408(b)(2) Poses Concerns For B/Ds, Small-Plan Advisers

Some industry experts are concerned that covered service providers will misinterpret the Department of Labor’s (DoL) 408(b)(2) regulation guidance about using ranges to estimate indirect compensation.  

The interim regulation required that covered service providers give the responsible plan fiduciary a description of all indirect compensation. When a broker/dealer provides a brokerage account for a plan, the broker/dealer almost always receives indirect compensation for the investments. In some cases, there may be hundreds of possible compensation arrangements, according to Fred Reish, the chairman of the financial services ERISA team at Drinker Biddle & Reath LLP.

The problem, Reish said, is that broker/dealers cannot possibly know, in advance, the compensation arrangements under which it will be paid.The final regulation, released February 2, 2012 (see “DoL Issues Final Rule on 401(k) Fee Disclosure“), made several clarifications to the fee disclosure requirements including a statement permitting the use of estimates and range of fees.

“The final regulation provides tremendous relief, in my opinion, to broker/dealers,” Reish told PLANADVISER, but added that he is concerned covered service providers will still misinterpret the DoL’s guidance about ranges. Broker/dealers may provide a range of fees so broad that it negates the purpose of the DoL’s regulation, Reish said.

“They have to be realistic [with the ranges],” Reish said. “And I’m worried that people are going to forget that part.”

Reish also thinks additional guidance from the DoL is needed about how and when change disclosure notices are required. For instance, when the responsible plan fiduciary selects an investment, does the broker/dealer need to give the fiduciary a change of disclosure if it is outside of the initial disclosure range? 

“It’s conceivable someone else has a different interpretation, but that’s mine,” Reish said. “People are going to have to, you know, make decisions about that because the guidance from the DoL isn’t specific enough.”


Roberta Ufford, principal at Groom Law Firm, said she agrees brokers must be cautious if they elect to state a range of fees. Ranges rather than specifics make sense for brokerage windows because so many compensation arrangements are possible, but broker/dealers must ensure their range numbers are realistic and standard for the industry.

"When you use a range, it should be appropriate for the circumstance, she said. "[The] DoL intended to provide flexibility [by allowing ranges]  when more specific disclosure would be difficult to provide, and that can be a great thing, but if you’re trying to get a specific answer for when it’s OK to use a range instead of more specific information, there is no specific answer. So you really have to use a good-faith effort here."                        

Ufford thinks the real problem could arise with small-plan advisers who may not have been disclosing detailed information about compensation. Many recordkeepers and other plan services providers already have systems in place to disclose specific indirect compensation because of Schedule C on Form 5500, which has required plan sponsors and administrators to report service provider fees and compensation for plan years beginning in 2009 (see "EBSA Issues Schedule C Fee Disclosure Guidance").

The disclosures that are needed to support Schedule C requirements are similar to information that is required to be disclosed by the new 408(b)(2) disclosure regulations, Ufford said. Schedule C, however, only applies to plans with 100 or more participants. As a result, many advisers to small plans were not affected by the implementation of disclosures required forSchedule C.
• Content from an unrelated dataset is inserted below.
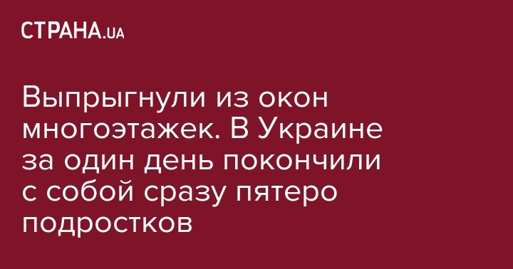 Как написал на своей странице в соцсети первый заместитель главы Нацполиции Украины Вячеслав Аброськин, только за прошлые сутки, 1 октября, в Украине самоубийством покончили жизнь трое детей. Суициды произошли в Киеве, Днепропетровской и Запорожской областях, где покончили с собой подростки 13, 17 и 14 лет. А утром 2 октября к шокирующей статистике добавились еще два случая - в Мариуполе наложили на себя руки сразу две девочки - 16 и 14 лет. Во всех этих случаях подростки выбросились из окон многоэтажных домов.
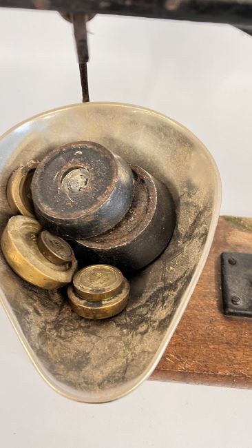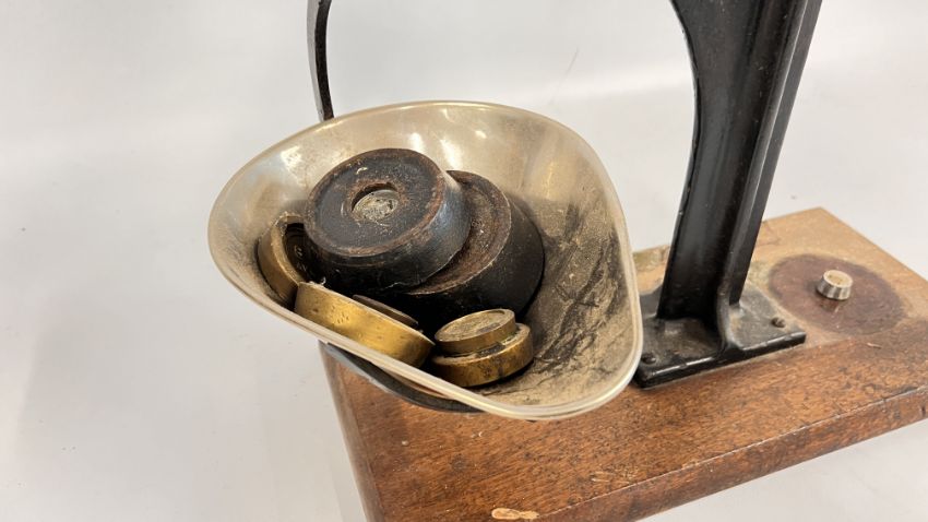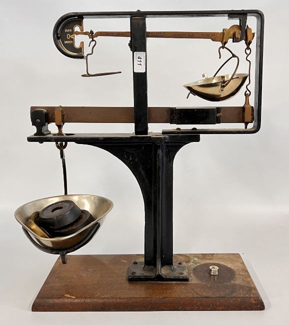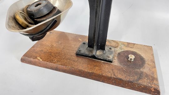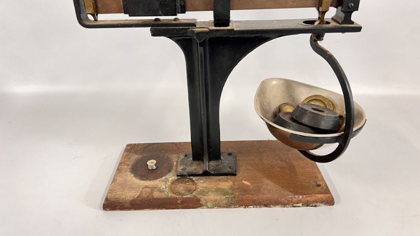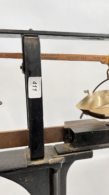 A SET OF VINTAGE W & T AVERY LTD BEAM SCALES.

"So you can see that, although plan advisers and others have seen this coming, they may not have yet been directly obligated to start delivering information," Ufford said. "Plan advisers who have not yet done so should be looking at their current disclosure materials and procedures and considering how they will comply with the new requirements.  Plan advisers may also want to take a look at how they will support their plan clients, because their plan clients may ask for help them in reviewing the disclosure materials they receive from other service providers covered by the new 408(b)(2) regulation."